China has foreign exchange regulations that restriction how funds can be transferred into Mainland China and transferred out of Mainland China. Whilst it is bureaucratic still because of the regulations set by the State Administration of Foreign Exchange (“SAFE”), the banks and the Tax Bureau, the good news is that it can be done in the course of normal business as long as the purpose and supporting documentation is in place. This article provides a summary and tips on in and out transfers of funds from China.
- Make sure any funds coming into China have supporting documentation, and the appropriate filings have been made. All funds coming into China should be appropriately registered as to what they are: revenue from services, products or investment.
- Investment can be either registered capital or an investment loan – needs to be registered in advance, forming part of the articles of association and, where a joint venture, the joint venture contract. Dividends can be paid on post-tax profits and interest on investment loans.
- Dividends can be paid from retained earnings where these have been audited, and Corporate Income Tax paid and declared, less a reserve requirement.
- The Chinese entity can only repay loans if they were registered with the State Administration of Foreign Exchange (“SAFE”). These need a loan agreement to be sign and it needs to be registered. If the funds were paid to China as an intercompany loan and the total investment does not include a provision for a loan, and the loan has not been registered with the SAFE, then future repayment would not be possible.
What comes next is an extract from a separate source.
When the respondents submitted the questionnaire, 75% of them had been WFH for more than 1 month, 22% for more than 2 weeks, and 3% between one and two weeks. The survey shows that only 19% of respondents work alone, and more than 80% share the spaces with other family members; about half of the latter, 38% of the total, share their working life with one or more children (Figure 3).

- SAFE does not allow repayment of expenses to overseas companies, where they are recharging expenses, unless under a cost-sharing agreement. Therefore, the Chinese company should incur and pay for their expenses directly, or they should be charged as services fees under the current structure.
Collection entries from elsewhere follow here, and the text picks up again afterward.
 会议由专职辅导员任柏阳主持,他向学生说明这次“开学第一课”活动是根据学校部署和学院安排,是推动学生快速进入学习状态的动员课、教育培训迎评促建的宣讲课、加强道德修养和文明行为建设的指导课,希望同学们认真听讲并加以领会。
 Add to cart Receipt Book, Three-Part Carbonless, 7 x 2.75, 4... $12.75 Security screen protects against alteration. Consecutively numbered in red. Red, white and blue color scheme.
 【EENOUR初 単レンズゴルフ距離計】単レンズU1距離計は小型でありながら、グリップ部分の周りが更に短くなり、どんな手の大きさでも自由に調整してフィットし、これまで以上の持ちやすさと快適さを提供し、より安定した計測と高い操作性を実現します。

- All service agreements for services done externally, or by an associated company, have to clearly state the nature of the service and the method of charging, and should not be worded in a way that could be considered management fees, which are classified as non-deductible by the Tax Authorities.
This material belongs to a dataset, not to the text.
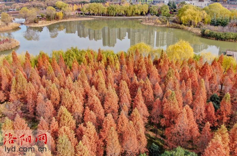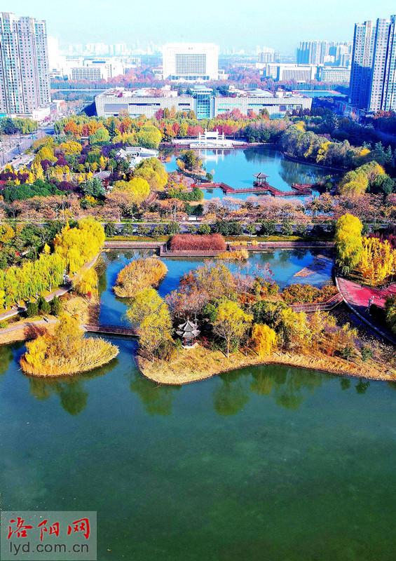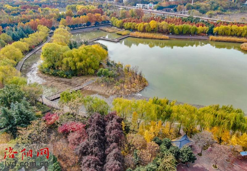 初冬時節(jié),洛陽市各大公園色彩斑斕,風景如畫。游人徜徉其間,感受生態(tài)之美。

- In order to avoid a challenge by the tax authorities in relation to the creation of a “permanent establishment”, and which would cause the withholding of Corporate Income Tax (“CIT”), it is important to keep the number of days or a project and or personnel in China under 183 days or where in existence per the Double Tax Avoidance Agreement (“DAT”). Where services are provided both in and out of China two different services agreements should be signed or two sections of one agreement, one for services provided in China by overseas personnel, and one for services provided totally outside of China.
- All unpaid taxes must be cleared with the tax bureau before any overseas transaction is made. Alternatively, a triple agreement between a Chinese Permanent Establishment, bank and local tax bureau can be made to deduct any withholding tax routinely, guaranteeing all tax requirements are met facilitating transactions out of China.
- For any overseas transactions including paying for services and royalties, If the amount of payment is below USD50,000 per payment then payment can be made with tax bureau’s approval and by presenting the contract (registered where required) and invoice to the bank. Above USD50,000 per payment, the Record for Overseas Payment Form must be acquired from the Tax Bureau with its official seal and submitted to the bank, and above USD200,000 the bank will have to report to SAFE for authorization. To keep it simple, it makes sense to keep payments below this figure so as to avoid SAFE, or for larger and ongoing contracts to do SAFE clearance first.
- Payment of Royalties also follows similar rules on registration except agreements need to be registered first with the respective Ministry covering the nature of Royalty.